RESOLVED FIXED 52085
Add Document::setContent()
https://bugs.webkit.org/show_bug.cgi?id=52085
Summary Add Document::setContent()
Patrick R. Gansterer
Reported 2011-01-07 14:56:26 PST
Add Document::setContent()
Attachments
Patch (7.50 KB, patch)
2011-01-07 15:10 PST, Patrick R. Gansterer
no flags
Patch (7.18 KB, patch)
2011-01-08 17:42 PST, Patrick R. Gansterer
no flags
Patch (7.13 KB, patch)
2011-01-11 09:19 PST, Patrick R. Gansterer
no flags
Patch (7.09 KB, patch)
2011-01-11 10:37 PST, Patrick R. Gansterer
no flags
Patch (7.14 KB, patch)
2011-01-11 11:54 PST, Patrick R. Gansterer
no flags
Patch (7.14 KB, patch)
2011-01-11 12:19 PST, Patrick R. Gansterer
no flags
Patch (7.06 KB, patch)
2011-01-11 13:55 PST, Patrick R. Gansterer
no flags
Patrick R. Gansterer
Comment 1 2011-01-07 15:10:15 PST
Darin Adler
Comment 2 2011-01-08 17:01:57 PST
Comment on attachment 78280 [details] Patch View in context: https://bugs.webkit.org/attachment.cgi?id=78280&action=review > WebCore/dom/Document.cpp:1170 > +bool Document::setContent(const Vector<char>& content) Is it really better to have something that takes a vector rather than a const char*, size_t pair?
Patrick R. Gansterer
Comment 3 2011-01-08 17:42:51 PST
Created attachment 78336 [details] Patch (In reply to comment #2) > (From update of attachment 78280 [details]) > View in context: https://bugs.webkit.org/attachment.cgi?id=78280&action=review > > > WebCore/dom/Document.cpp:1170 > > +bool Document::setContent(const Vector<char>& content) > > Is it really better to have something that takes a vector rather than a const char*, size_t pair?
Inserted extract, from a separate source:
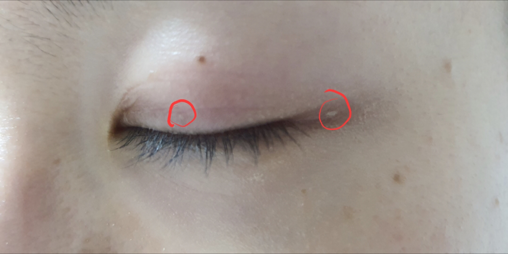눈에는 조그맣게 뭐가 났었는데 현재는 눈 옆에 생긴 것은 없어지고 위에만 나있습니다. 더 커지진 않습니다.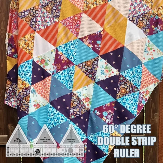 Turn-a-Round the ruler to cut five 60 degree triangles that finish 4 inches. Multiple layers can be cut at one time.

No, Vector as argument is a clear mistake. I think you meant const char*, int pair? (see http://trac.webkit.org/browser/trunk/Source/WebCore/dom/DocumentParser.h?rev=75314#L49)
Eric Seidel (no email)
Comment 4 2011-01-10 11:44:05 PST
Comment on attachment 78336 [details] Patch View in context: https://bugs.webkit.org/attachment.cgi?id=78336&action=review I think this needs one more round. I like where this is going though! > Source/WebCore/dom/Document.cpp:1179 > + return wellFormed(); Is wellFormed what we'd want for non-XML content? Is this an XML-only method? > Source/WebCore/dom/Document.cpp:1186 > + // FIXME: We should pass content directly to the parser insted of decoding it here. > + // At the moment only SVGFonts use this method, so the xml mime type is ok for now. > + setDecoder(TextResourceDecoder::create("application/xml")); Why should we pass it directly to the parser? It seems it would be better to put this decoding code in the SVGImage code for now, unless you're about to post a follow-up patch to not decode? > Source/WebCore/dom/Document.h:353 > + bool setContent(const char*, int); Don't you want size_t here?
Adam Barth
Comment 5 2011-01-10 15:51:20 PST
Comment on attachment 78336 [details] Patch View in context: https://bugs.webkit.org/attachment.cgi?id=78336&action=review >> Source/WebCore/dom/Document.cpp:1186 >> + // FIXME: We should pass content directly to the parser insted of decoding it here. >> + // At the moment only SVGFonts use this method, so the xml mime type is ok for now. >> + setDecoder(TextResourceDecoder::create("application/xml")); > > Why should we pass it directly to the parser? > > It seems it would be better to put this decoding code in the SVGImage code for now, unless you're about to post a follow-up patch to not decode? It's confusing that this is only for XML. I'd expect this method to work for both HTML and XML. Also, have you looked at how the output of JavaScript URLs gets put into a document? I think it might benefit from using this API. You can follow the trail from executeIfJavaScriptURL.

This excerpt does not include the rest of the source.